Avoid Full Table Scan On Paged Nested Set


I have a nested set setup like so:

Node (Id, ParentId, LeftBounds, RightBounds, Level, Name)

LeftBounds has an index on it.

But when I attempt to select paged results,

SELECT * FROM Node ORDER BY LeftBounds ASC LIMIT 500000, 1000

Sql does a full table scan. Is there something else I should look at to avoid a full table scan?

This normally wouldn't be a huge problem, but with a table of several million rows, it takes ~3-5 seconds for the last page to load.


Solution

  • Your LIMIT 5000000, 1000 clause requires MySQL to order your results in your result set, skip a half-million of them, and then display 1000. It seems likely that MySQL has decided that's best done with a table scan. That's not surprising.
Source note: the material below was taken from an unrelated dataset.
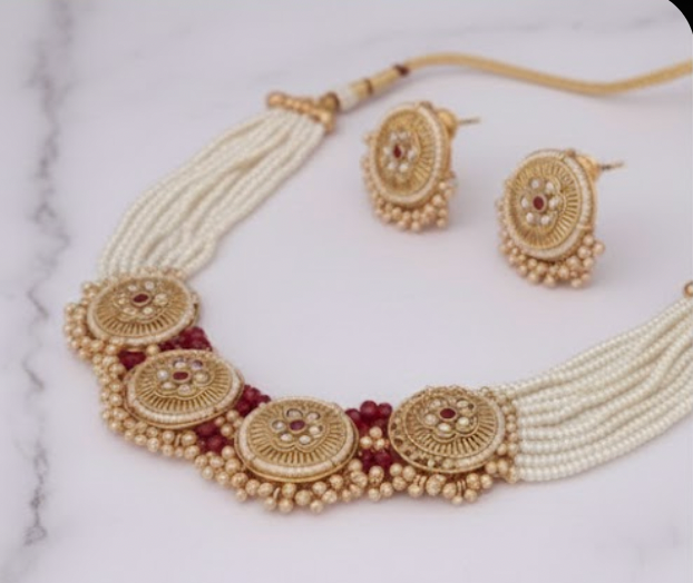 Add refined elegance to your ethnic jewellery collection with this Traditional Pearl Kundan Necklace Set, designed to balance classic craftsmanship with timeless appeal.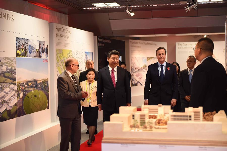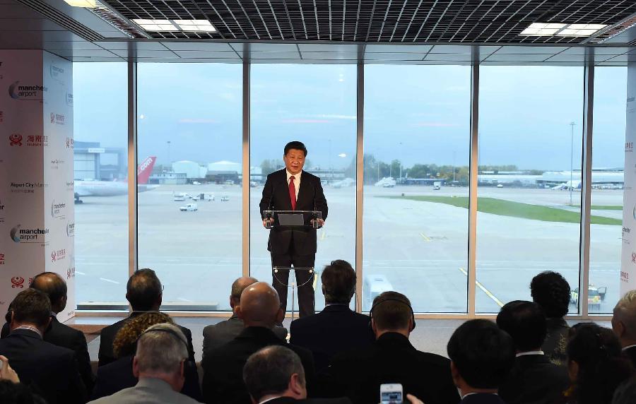 Chinese President Xi Jinping addresses dignitaries during a visit to the airport city in Manchester, Britain, Oct. 23, 2015. (Photo: Xinhua/Zhang Duo)

    You might try a deferred join operation. The purpose of this is to reduce the size of the result set needing to be ordered. It works like this.

    SELECT Node.*
      FROM Node
      JOIN (
             SELECT id
               FROM Node
              ORDER BY LeftBounds ASC
              LIMIT 500000, 1000
           ) Subset ON Node.id = Subset.id
      ORDER BY Node.LeftBounds ASC
    

    As you can see, this limits the big result set you need to wrangle to fewer columns, specifically id and LeftBounds. It then uses the set of 1000 different id values it finds to retrieve the full records.

    If you make yourself a compound index on (LeftBounds, id) you may very well speed up this query by a lot. But it will still have to skip half a million rows, so your EXPLAIN may say you're doing a full index scan.

    The next thing you might be able to do with this query to speed it up is get rid of SELECT *, instead naming the columns you need. Why does that help? Because it gives a hint at a compound covering index that might help satisfy the query completely. You've mentioned that LeftBounds is unique and therefore a candidate for the JOIN criterion. So, let's explore this with an example. Let's say you want ParentId, LeftBounds, RightBounds, Level, Name in your resultset. Then you could use this query:

    SELECT Node.ParentId, Node.LeftBounds, 
           Node.RightBounds, Node.Level, Node.Name
      FROM Node
      JOIN (
             SELECT LeftBounds
               FROM Node
              ORDER BY LeftBounds ASC
              LIMIT 500000, 1000
           ) Subset ON Node.LeftBounds = Subset.LeftBounds
      ORDER BY Node.LeftBounds ASC
    

    If you have an index on the columns you need, MySQL can satisfy the query from the index. That index should incorporate these columns in this order.

    LeftBounds, ParentId, RightBounds, Level, Name
    

    LeftBounds needs to be first in the index, because that's the column you're using for random access to the index. The point here is to omit having to use the id column to access the table.